According to Kruzansky, Cornell can apply to create a tax-free zone on or near campus where student-owned businesses would be eligible to settle. The student-owned businesses do not have to work directly with the University, but have to “benefit from the research [or] teaching,” he added.
“To receive these tax breaks, the company has to be in a business that is related to a field of study or research at the university,” he said. “It has to have some relationship.”
Zachary Shulman ’87 J.D. ’90, senior lecturer of management and acting director of Entreprenuership@Cornell, which helps promote entrepreunership on campus, said Cuomo’s plan could affect Cornell and Ithaca “very positively.”
“It’s a huge advantage for businesses to locate in and around the University. … [It] creates more income and revenue and generates wages for employees to spend on the local economy,” Shulman said. “The more small businesses in Ithaca, the better the economy is.”
Shulman said that student businesses could also benefit by not having to pay the sales, property or corporate income taxes that businesses normally pay. Furthermore, student businesses could hire students and maintain a strong connection between the University and recent alumni, he said.
“In my ideal world, students would start a business while they’re here and then keep it here when they graduate,” he said.
Kruzansky echoed Shulman’s sentiments, saying the bill could create new employment opportunities that could keep entrepreneurial faculty at Cornell. Furthermore, these opportunities could attract students interested in start-ups to the University, he said.
For current Ithaca residents, however, there might be a cost to the additional new the bill could bring. People who do not support the bill say the migration of new people moving into upstate New York communities will create an additional tax burden on current residents paying for public services.

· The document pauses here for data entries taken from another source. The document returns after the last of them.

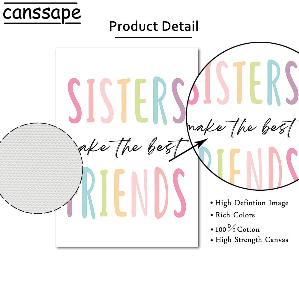Постер с радугой сестры друзья настенная живопись персонализированное имя на заказ Печать на холсте нордические настенные картины для декора комнаты маленькой девочки
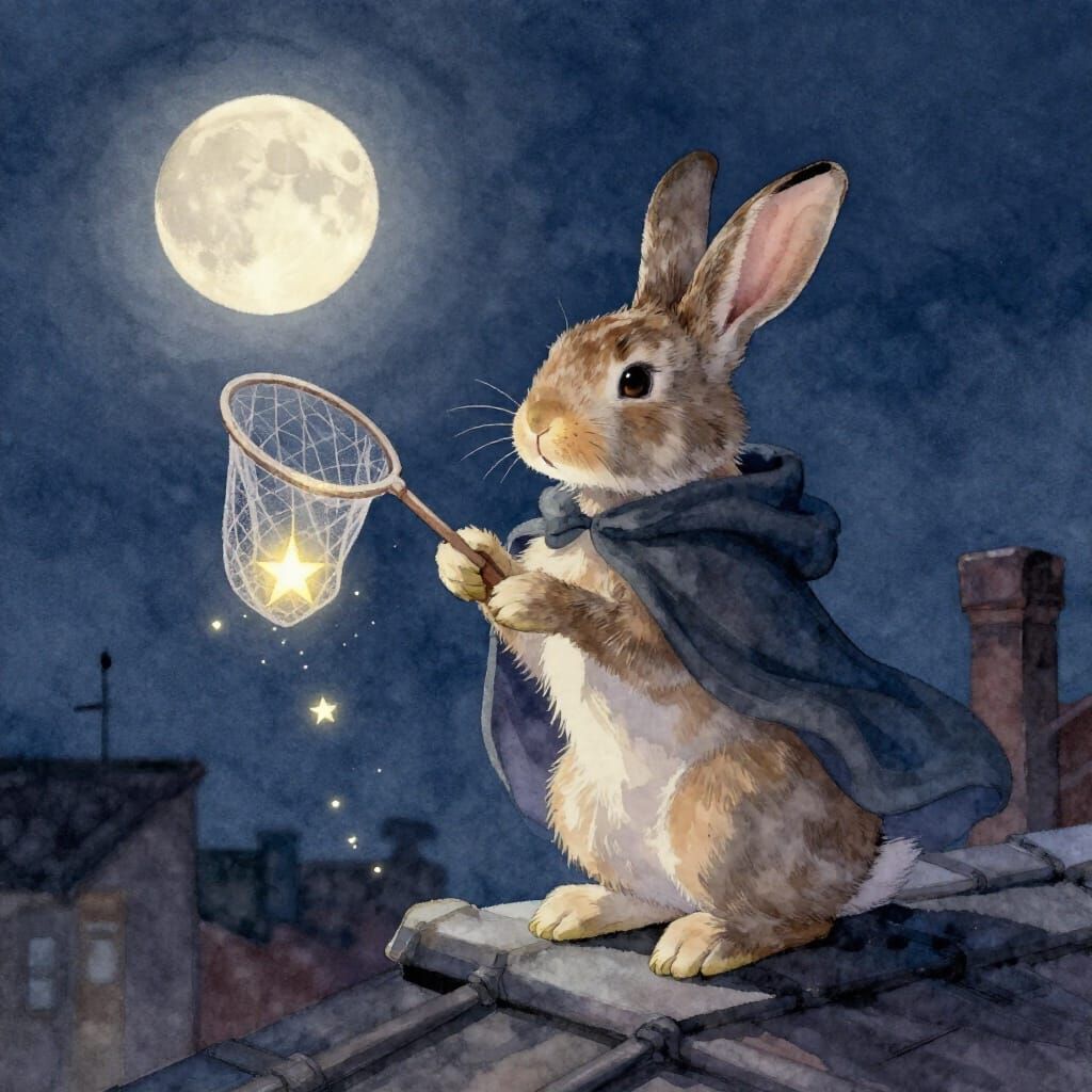 This image shows a rabbit in a night cloak on a rooftop, catching glowing falling stars in a net. Moonlight softly illuminates its fur. Rendered in a watercolour expressionist style.
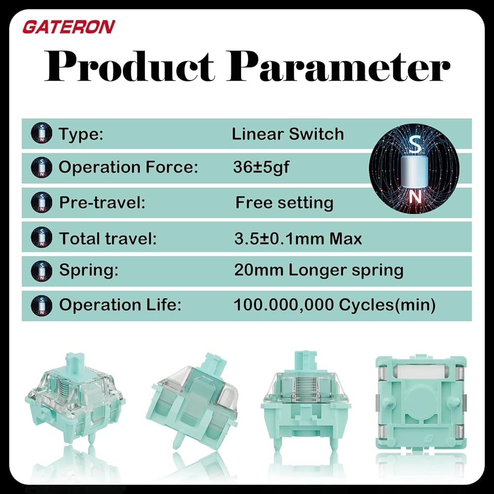[الجودة] مفتاح لوحة المفاتيح اليشم المغناطيسي GATERON هو مفتاح مغناطيسي غير متصل مدعوم بمستشعر تأثير Hall.
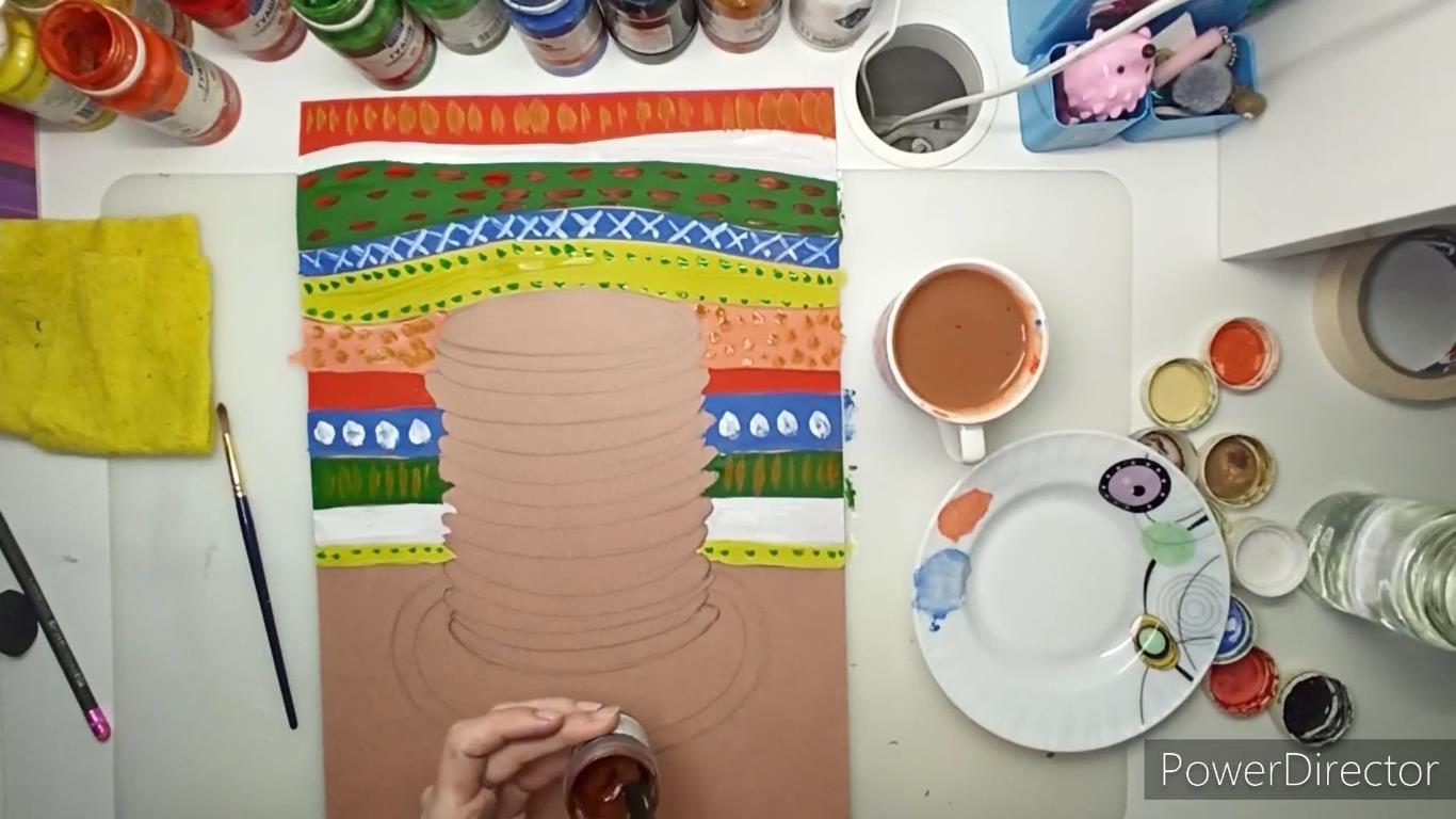 Приступаем к заполнению цветом. Начинаем с заднего фона, получившиеся полоски раскрашиваем в яркие цвета, аккуратно обходя стопку. Некоторые из них украшаем контрастным орнаментом: крестиками, кружочками, точками, полосками.
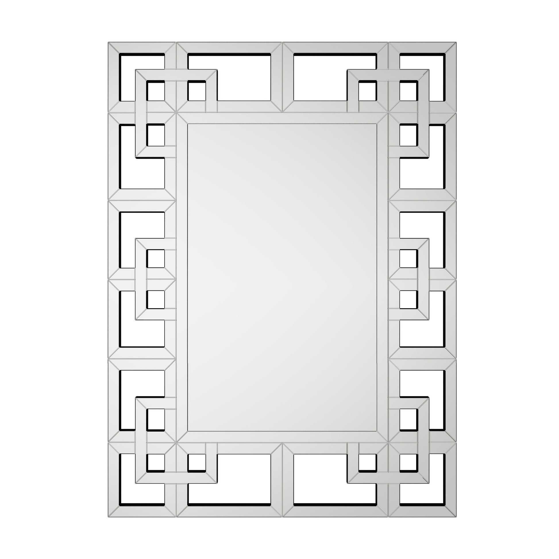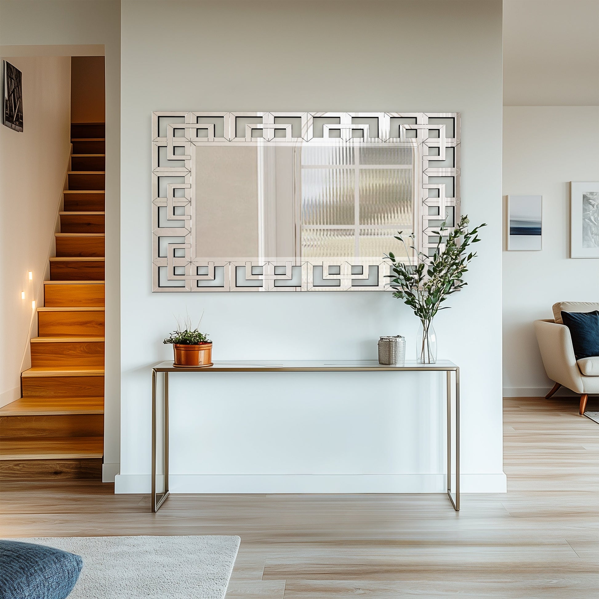 Grand miroir mural décoratif avec cadre géométrique aux accents argentés
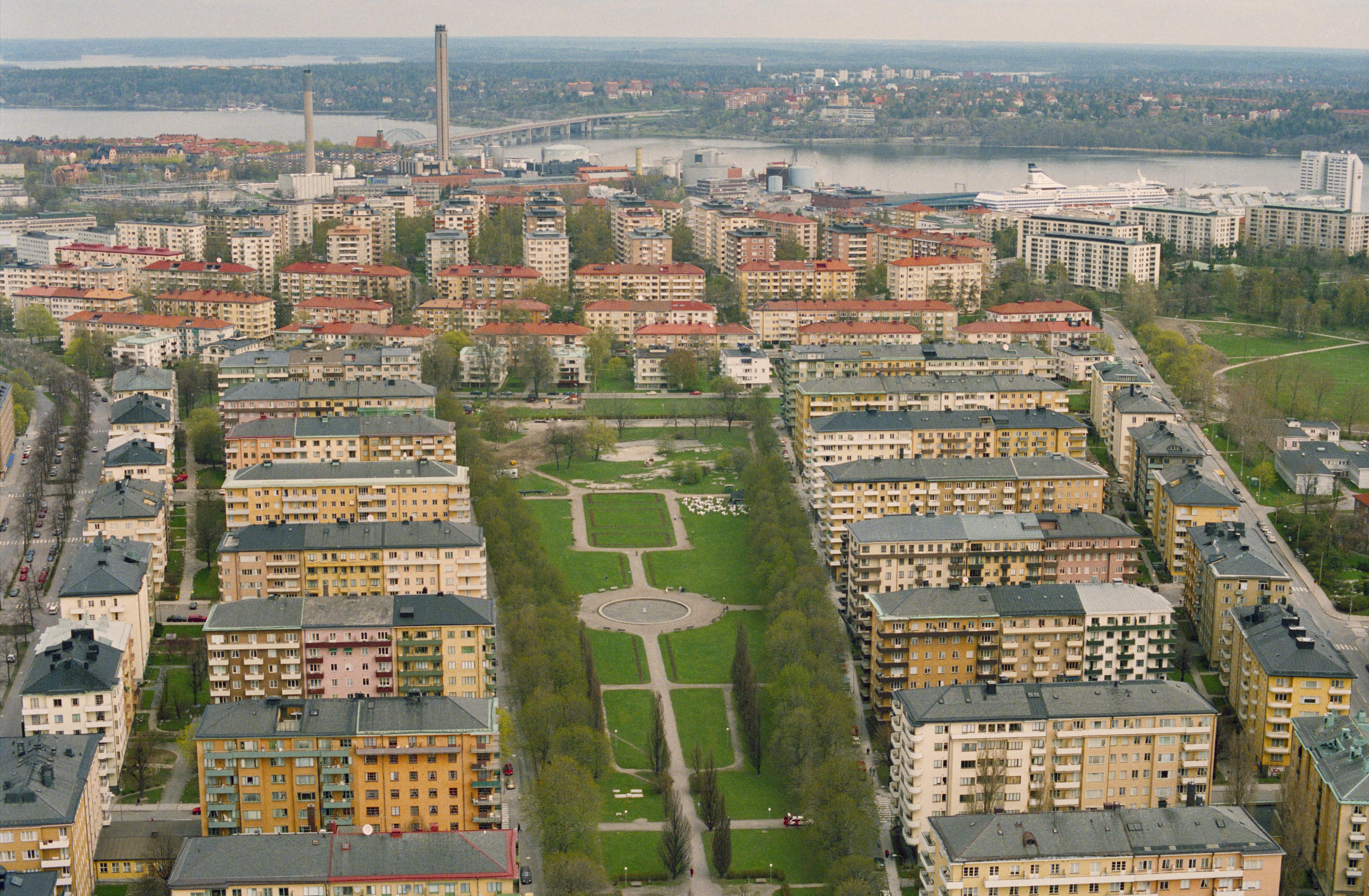 Beskrivning: Gärdet. Tessinparken, Gärdesstaden mot Värtahamnen. Bilden är tagen mot (väderstreck): NNO
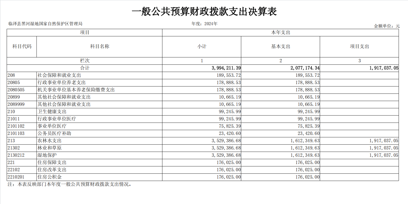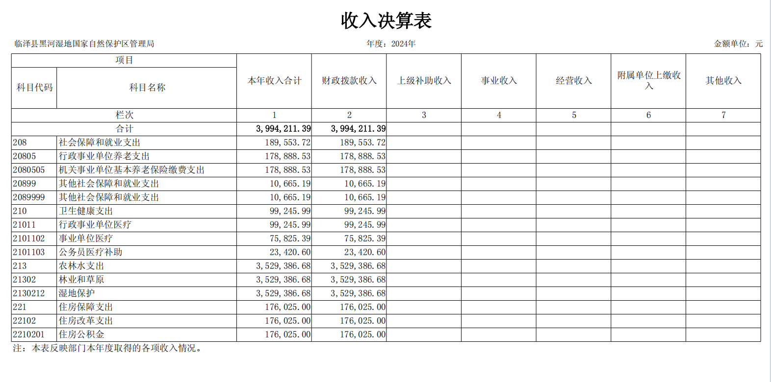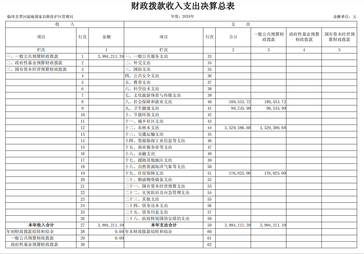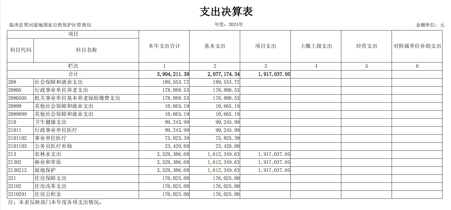 临泽县黑河湿地国家级自然保护区管理局部门决算
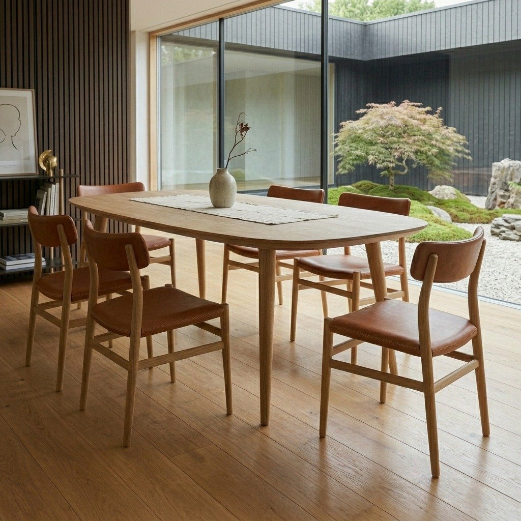 Inspired by Scandinavian design, it highlights the natural beauty of the wood and features a flawless finish. The smooth, rounded edges bring a refined touch, while its sturdy base ensures stability and durability over time. Perfect for both everyday dining and festive gatherings, this table will quickly become the focal point of your dining room.
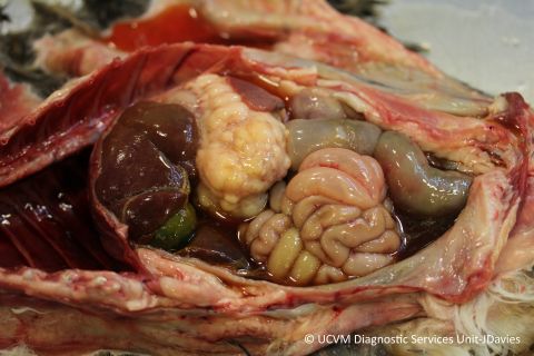 Dog: Peritoneum. Hemoabdomen in liver failure.
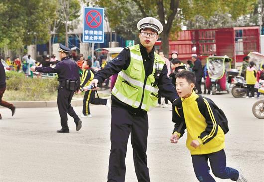 下午4時20分,快到孩子們的放學時間。身著交通協管員制服的潘迪又來到三店學校門口,護送孩子們放學。潘迪發現11臺違法停放的私家車堵住了校門,于是與同事王寬一道,逐一將其勸離。隨后,他又將一些向孩子們兜售小食品的攤販一一勸走,讓學校門口秩序井然。
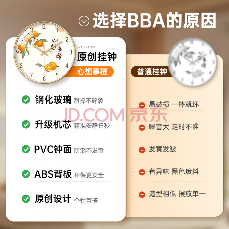 商品相册:BBA挂钟新中式心想事橙客厅书房卧室餐厅家用创意钟表时钟30cm第
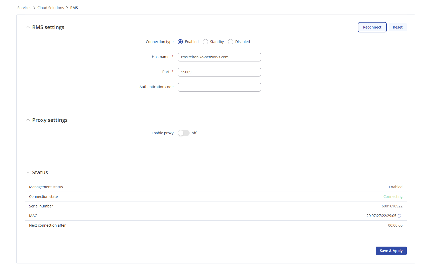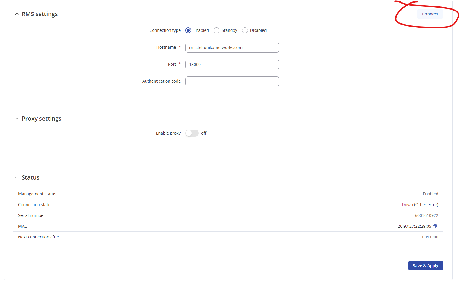 I’m using several TRB255/256 and TSW202/212 devices. I have a similar issue across all of them as well as across multiple firmware versions. During initial startup or after an internet outage the RMS service shows “failed to resolve HOSTNAME” or a similar error. It appears if RMS DNS lookup fails even once the service stops attempting to connect again? I have to manually remote into the devices and hit the connect button to initiate the connection again. @Marija This is an older firmware but the device that is currently in error.
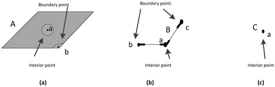 Notably, a manifold itself is a topological space (local Euclidean space), so its neighborhood is only related to itself and is independent of the Euclidean space in which it is embedded, meaning that the definitions of the interior and boundary points in a manifold are also independent of the space in which the manifold is embedded (see Definition 2.1), which is different from the definitions using the point-set topology in Euclidean space. As shown in Figure 3, the region (Figure 3a), the line (Figure 3b), and the point (Figure 3c) all have interior points in R2, which is consistent with traditional definitions and cognitive habits. In addition, because a manifold is a special topological space, it also has some of its topological properties, such as whether it is compact, connected, orientable, etc. Further, manifolds are not self-intersecting or touching and homogeneous (same dimension). According to the geometric characteristics of common objects in the spatial database, the (simple) spatial objects in 2D space are defined as follows in this paper.
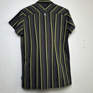 Kuhl Mountain Grey Green Striped Button Down Short Sleeve Size Small
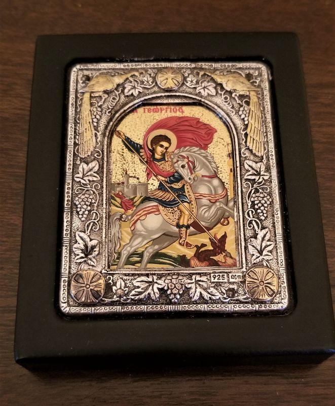 In the Eastern Orthodox style, religious icon depicting St. George and the Dragon - marked 925 (sterling). Measures 3" x 3.5". Good condition

According to Gary Ferguson, executive director of the Downtown Ithaca Alliance, Ithaca could lose revenue from tax-free zones. He added, however, that this burden could be ameliorated somewhat by placing these businesses throughout the community.
“When you look at this holistically, there’s an opportunity for projects to be located on campus, near campus or in the community, wherever it makes sense,” Fergeson said. “That way, not only the tax burden, but also the job and investment benefits, can be spread in a way that makes sense for all.”
In addition to granting tax immunity to new businesses in these areas, the bill also includes a provision that would exempt employees of new businesses from paying income tax for five years and from paying income tax the following five years up to a certain wage, according to the bill.
According to Kathryn Boor ’80, dean of the College of Agriculture and Life Sciences, another concern with implementing the bill is “to ensure that we carefully avoid competing with exisiting businesses in our region.”
Boor added, however, that by making areas near college campuses tax free, the bill creates a “true incentive” for new businesses to move to New York and for existing businesses to expand their operations.
For CALS, she said, there is an “enhanced opportunity for our entreprenurial faculty members to develop start-up companies, either on their own or with external partners.”
Kruzansky added that certain CALS programs could benefit from the bill.
“The Geneva Experiment Station (part of Cornell Cooperative Extention in CALS) could be a hub of new agricultural businesses and make Geneva a more desirable place to work and live,” Kruzansky said.
Overall, according to Shulman, Cornell could benefit greatly from Cuomo’s bill.
“I cannot think of any downside for the University at all,” Shulman said.
Ferguson, however, said that there must be careful planning for these benefits to reach everyone, even beyond the Cornell community.
“I think there is a great opportunity for this program to provide benefits for everyone, including the broader community, but it’s going to take some time. It’s going to take some careful thinking to make it all happen,” he said.